Saini, R. (2019). Between privilege and prejudice: social and political identity negotiation across the British South Asian middle classes. (Unpublished Doctoral thesis, City, University of London)


Ethnic minorities in the UK who occupy middle-class social locations exist at the juncture of privilege and prejudice. They are, on the one hand, seen as harnessing high levels of economic, cultural and social capital. On the other hand, they suffer, as ethnoracial minorities, from ‘everyday’ and structural racisms and exclusions. This thesis analyses how these positionalities shape class and racial / ethnic identities for the UK South Asian middle classes. It ultimately seeks to understand how these identities are negotiated, and their potential effect on the political orientations and activities of this population. It attempts to address the dearth of academic research into the everyday experiences and identities of middle-class ethnic minorities in the UK. There is also an acknowledgement of the diversity of the South Asian middle classes with, in places where feasible, a discussion of the differences between the largest South Asian ethnic minority groups in the UK – Indians, Pakistanis and Bangladeshis – who are characterised by differing migration and settlement histories, patterns of social mobility, and experiences of racialisation.

Secondary quantitative data from the British Election Study Ethnic Minority Survey (EMBES) 2010 and the Citizenship Survey (CS) 2010/11, combined with primary, semi-structured qualitative interview data carried out from 2015 to 2016, forms the evidence base for this study. Analysis of quantitative identity indicators and in-depth conversations about class, ethnic, religious, national and political identity allowed for in-depth examination of the framework of identifications across a still under researched minority ethnic sub-population.

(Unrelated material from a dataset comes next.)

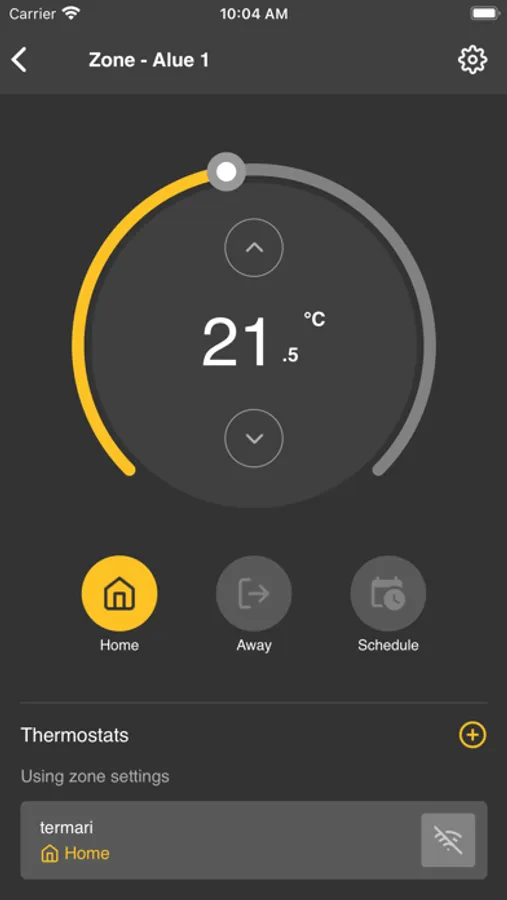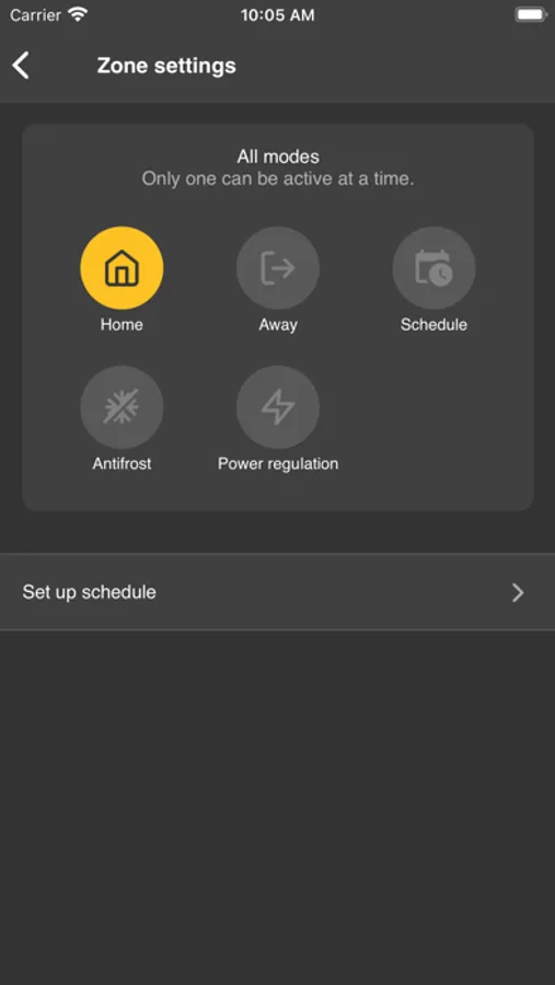 Application offers fast switching between Home, Away and Schedule modes, additionally Anti-frost and Power regulation modes are available. Weekly Schedule can be easily programmed with application.

The first analysis chapter addresses subjectivities of class, the second racial / ethnic identity salience, and the third how class and race / ethnicity interact to form a sense of political consciousness.

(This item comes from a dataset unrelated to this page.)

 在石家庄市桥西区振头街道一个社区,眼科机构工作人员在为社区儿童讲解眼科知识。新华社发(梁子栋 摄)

The findings establish that middle classness is problematised by those in the South Asian middle classes and generally lacks the salience that ethnic and religious identity does. Class and minority racial / ethnic identity are co-constitutive for the British South Asian middle classes and often shaped by historical and ongoing experiences of discrimination and exclusion from racialised constructions of middle classness. The South Asian middle classes tend to be attached to the Labour party but this differs between the Indian and Pakistani sub-groups with the former tending to exhibit more political conservatism. Political consciousness embedded in a sense of racial / ethnic solidarity and a worker / working-class consciousness sense affects political identities and engagement differently for the middle classes and the non-middle classes, particularly in the case of the British Pakistanis.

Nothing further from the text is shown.